Aim of the exercise
For this listing, reproduce the line with "可以看到,四类策略和FOF彼", the line with "UANG4D –JACKPOT SLOT", and the lines between, exactly as they stand. Leave out pictures and all other lines.

Records

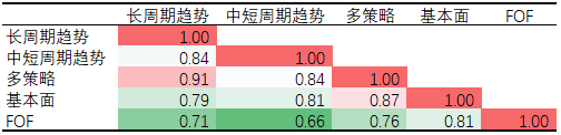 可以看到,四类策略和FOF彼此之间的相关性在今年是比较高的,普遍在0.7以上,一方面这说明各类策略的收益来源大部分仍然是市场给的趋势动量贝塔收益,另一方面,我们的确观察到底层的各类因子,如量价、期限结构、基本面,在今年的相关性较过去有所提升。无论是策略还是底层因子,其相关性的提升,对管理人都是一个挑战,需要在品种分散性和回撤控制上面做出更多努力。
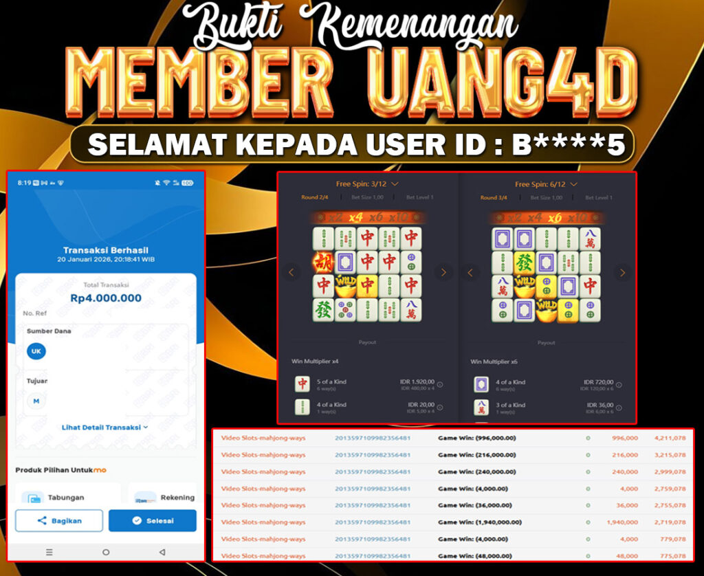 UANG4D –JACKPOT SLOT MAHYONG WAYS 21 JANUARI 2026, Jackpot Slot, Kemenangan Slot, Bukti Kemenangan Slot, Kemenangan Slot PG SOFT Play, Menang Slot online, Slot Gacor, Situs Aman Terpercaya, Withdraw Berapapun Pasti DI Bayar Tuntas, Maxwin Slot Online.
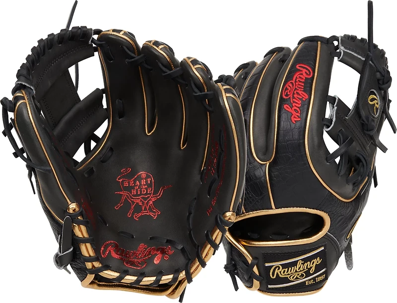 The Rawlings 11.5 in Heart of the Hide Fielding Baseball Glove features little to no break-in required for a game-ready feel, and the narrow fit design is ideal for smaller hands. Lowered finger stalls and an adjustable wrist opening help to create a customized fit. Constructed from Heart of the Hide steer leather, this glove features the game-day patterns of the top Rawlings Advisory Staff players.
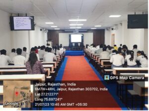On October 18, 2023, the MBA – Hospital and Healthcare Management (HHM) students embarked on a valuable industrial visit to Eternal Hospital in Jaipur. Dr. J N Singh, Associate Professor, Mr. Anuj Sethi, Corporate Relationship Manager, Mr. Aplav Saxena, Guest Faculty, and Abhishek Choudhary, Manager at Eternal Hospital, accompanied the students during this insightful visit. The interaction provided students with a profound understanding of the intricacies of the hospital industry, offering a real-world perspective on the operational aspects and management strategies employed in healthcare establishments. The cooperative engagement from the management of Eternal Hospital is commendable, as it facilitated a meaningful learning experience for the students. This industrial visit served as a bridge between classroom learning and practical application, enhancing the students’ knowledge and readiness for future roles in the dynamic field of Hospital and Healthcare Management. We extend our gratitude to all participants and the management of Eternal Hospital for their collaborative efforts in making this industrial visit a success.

...

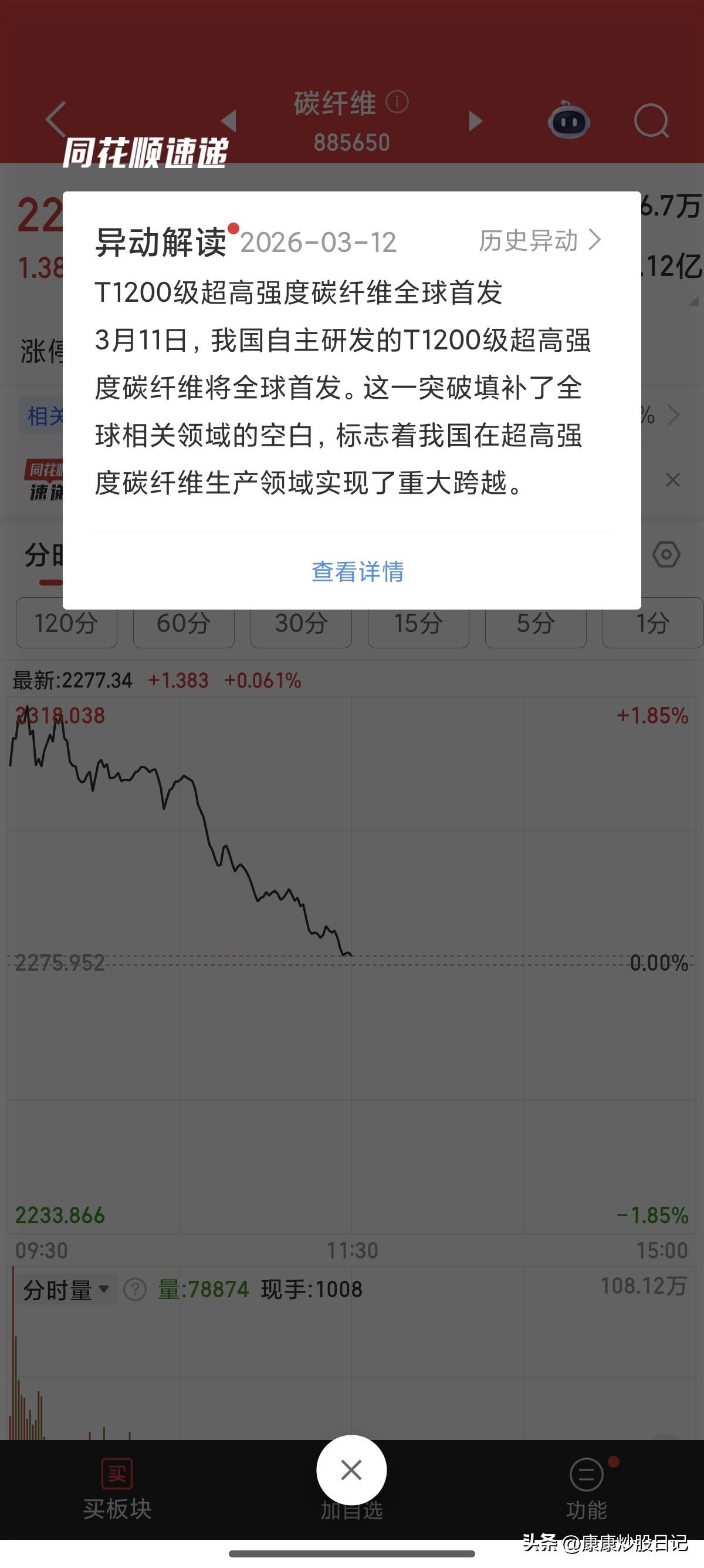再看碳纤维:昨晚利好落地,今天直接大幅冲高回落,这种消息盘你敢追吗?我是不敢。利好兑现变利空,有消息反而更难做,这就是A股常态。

...

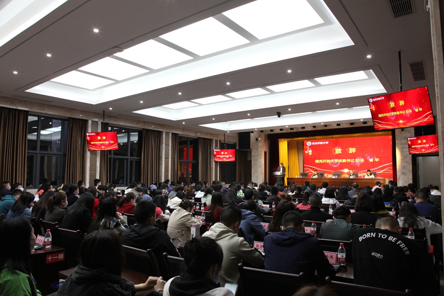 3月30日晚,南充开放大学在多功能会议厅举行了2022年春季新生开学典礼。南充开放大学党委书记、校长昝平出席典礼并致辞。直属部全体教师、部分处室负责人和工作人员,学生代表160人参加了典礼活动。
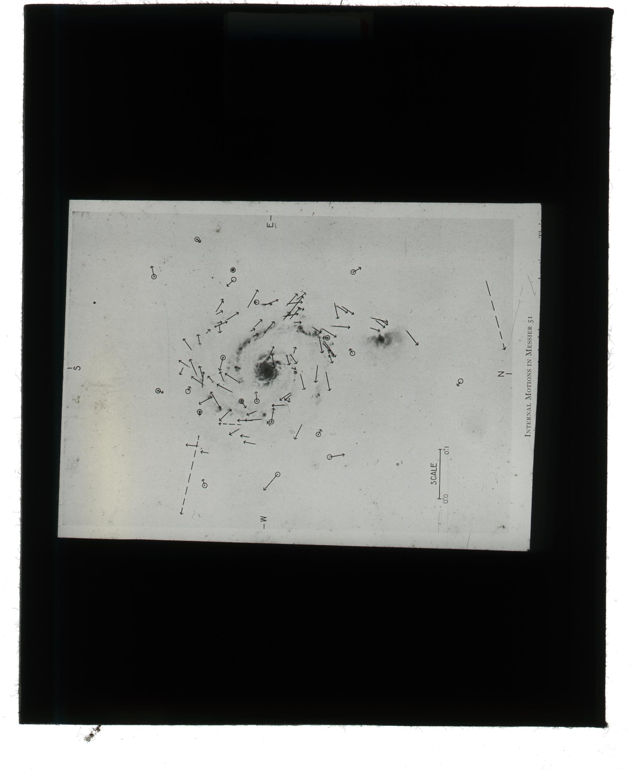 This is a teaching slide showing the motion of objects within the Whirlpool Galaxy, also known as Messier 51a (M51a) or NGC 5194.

Result of this task
 可以看到,四类策略和FOF彼此之间的相关性在今年是比较高的,普遍在0.7以上,一方面这说明各类策略的收益来源大部分仍然是市场给的趋势动量贝塔收益,另一方面,我们的确观察到底层的各类因子,如量价、期限结构、基本面,在今年的相关性较过去有所提升。无论是策略还是底层因子,其相关性的提升,对管理人都是一个挑战,需要在品种分散性和回撤控制上面做出更多努力。
 UANG4D –JACKPOT SLOT MAHYONG WAYS 21 JANUARI 2026, Jackpot Slot, Kemenangan Slot, Bukti Kemenangan Slot, Kemenangan Slot PG SOFT Play, Menang Slot online, Slot Gacor, Situs Aman Terpercaya, Withdraw Berapapun Pasti DI Bayar Tuntas, Maxwin Slot Online.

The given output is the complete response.